Sağlık önemlidir. Onun içindir ki, “sıhhate itina, farzların en önde gelenlerindendir” buyrulmuştur. Binaenaleyh su kullanamayan bir hasta gusül yerine teyemmüm yapabilir, ama bu durumda eğer abdest alabiliyorsa abdest yerine teyemmüm yapamaz. Yani gusül yerine teyemmüm eder ve ibadetler için ayrıca abdest alır.

Malumunuz teyemmüm, su bulunmadığında veya mevcut suyu kullanma imkânı olmadığında küçük hades veya büyük hades (cünüplük) halini gidermek, yani abdestle yapılabilecek ibâdetleri yapabilmek ya da cünüplük, hayız ya da nifastan kurtulabilmek maksadıyla (kastıyla-niyetiyle) temiz toprağa elleri sürerek yüzü ve iki kolu meshetmektir. Bir başka ifâdeyle teyemmüm, suya kavuşma ya da kullanma imkânı olmadığında abdest veya gusül abdesti yerine geçmek üzere, bizzat Cenab-ı Hak tarafından konulan hükmî bir temizliktir.

(2) “Bir hastalık sebebiyle yüzüne su dokundurması mahzurlu olan ve meshedemeyen kimse nasıl abdest alır?”

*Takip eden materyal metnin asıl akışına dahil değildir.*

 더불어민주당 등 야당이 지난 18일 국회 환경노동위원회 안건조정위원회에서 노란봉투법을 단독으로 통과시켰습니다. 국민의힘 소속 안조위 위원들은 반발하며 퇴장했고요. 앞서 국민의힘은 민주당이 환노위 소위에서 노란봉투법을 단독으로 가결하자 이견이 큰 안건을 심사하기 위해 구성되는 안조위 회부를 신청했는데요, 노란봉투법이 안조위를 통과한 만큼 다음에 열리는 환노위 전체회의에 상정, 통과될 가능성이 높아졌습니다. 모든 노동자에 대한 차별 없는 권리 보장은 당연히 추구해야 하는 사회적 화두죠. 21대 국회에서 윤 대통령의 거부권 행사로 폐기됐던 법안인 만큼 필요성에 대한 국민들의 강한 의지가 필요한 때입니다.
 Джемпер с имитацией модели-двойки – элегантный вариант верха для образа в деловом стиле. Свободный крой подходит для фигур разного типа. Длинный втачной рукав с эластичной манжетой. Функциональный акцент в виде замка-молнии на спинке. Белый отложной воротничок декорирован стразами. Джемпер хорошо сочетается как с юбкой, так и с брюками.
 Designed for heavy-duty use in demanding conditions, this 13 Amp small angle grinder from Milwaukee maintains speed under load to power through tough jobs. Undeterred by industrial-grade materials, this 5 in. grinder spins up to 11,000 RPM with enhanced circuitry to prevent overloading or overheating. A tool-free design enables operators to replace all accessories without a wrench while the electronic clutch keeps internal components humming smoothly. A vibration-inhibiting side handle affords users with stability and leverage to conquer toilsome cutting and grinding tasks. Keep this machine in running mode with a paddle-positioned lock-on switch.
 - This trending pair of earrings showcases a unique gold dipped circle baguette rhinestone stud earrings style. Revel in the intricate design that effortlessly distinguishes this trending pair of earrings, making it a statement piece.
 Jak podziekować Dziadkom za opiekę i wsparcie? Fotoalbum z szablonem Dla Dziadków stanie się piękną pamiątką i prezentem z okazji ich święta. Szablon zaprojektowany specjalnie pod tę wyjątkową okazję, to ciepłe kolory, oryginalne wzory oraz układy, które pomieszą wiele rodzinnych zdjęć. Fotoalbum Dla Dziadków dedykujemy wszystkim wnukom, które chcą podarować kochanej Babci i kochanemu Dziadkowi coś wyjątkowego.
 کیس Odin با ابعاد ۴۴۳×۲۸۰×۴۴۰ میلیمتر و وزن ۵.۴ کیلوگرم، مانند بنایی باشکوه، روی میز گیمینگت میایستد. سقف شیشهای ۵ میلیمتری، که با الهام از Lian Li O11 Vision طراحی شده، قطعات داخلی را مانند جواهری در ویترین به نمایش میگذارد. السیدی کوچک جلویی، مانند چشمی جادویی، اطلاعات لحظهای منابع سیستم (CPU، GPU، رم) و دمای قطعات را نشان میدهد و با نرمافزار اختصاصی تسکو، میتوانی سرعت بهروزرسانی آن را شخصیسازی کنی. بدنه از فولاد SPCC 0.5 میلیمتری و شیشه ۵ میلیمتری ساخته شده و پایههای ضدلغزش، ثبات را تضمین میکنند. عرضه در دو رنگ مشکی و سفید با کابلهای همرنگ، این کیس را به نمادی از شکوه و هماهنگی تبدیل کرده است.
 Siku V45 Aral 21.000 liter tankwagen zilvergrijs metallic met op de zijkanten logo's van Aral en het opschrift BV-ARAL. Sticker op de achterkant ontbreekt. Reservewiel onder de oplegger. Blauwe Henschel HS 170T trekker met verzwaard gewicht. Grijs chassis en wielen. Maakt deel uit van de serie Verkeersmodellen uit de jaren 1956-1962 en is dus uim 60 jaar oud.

Aslında bunun izahı, ilk sorunun cevabı içerisinde mevcuttur. Fakat tekrar edebiliriz. Şöyle ifade etmiş idik: “Kırılan veya yaralı olan bir uzvu yıkamak zarar veriyorsa, kişinin kırık üzerindeki alçıya veya yara üzerindeki sargıya, abdest için de gusül için de bir kez meshetmesi yeterlidir. Mesh de zarar verirse, o da terk edilir. Hastalıktan dolayı teyemmüm edecek kişi, suyun hastalığına zarar vereceğini ya tecrübesi ile ya da doktor tavsiyesi ile bilmelidir.” Velhâsıl, bir hastalık sebebiyle yüzüne su dokundurması da meshetmesi de mahzurlu olan  kimse, yıkamayı da meshi de terk eder.

(3) “Serum takılan ve serum eline veya koluna bantlarla sabitlenen bir hasta teyemmüm ederken yüzük ve benzeri şeylerin çıkarılması gerektiği gibi  bu bantları sökmeli midir?”

Hayır, serumun teyemmüme bir zararı olmaz; yüzük gibi çıkartılması gerekmez. Kaldı ki burada ayrıca sıhhî bakımdan bir zaruret durumu da söz konusudur. Ancak bantların sökülmesinde ve serumun tekrar takılıp yapıştırılmasında (sıhhî ve teknik yönlerden) bir sıkıntı yoksa, çıkartıp öyle teyemmüm almak elbette ki güzel olur.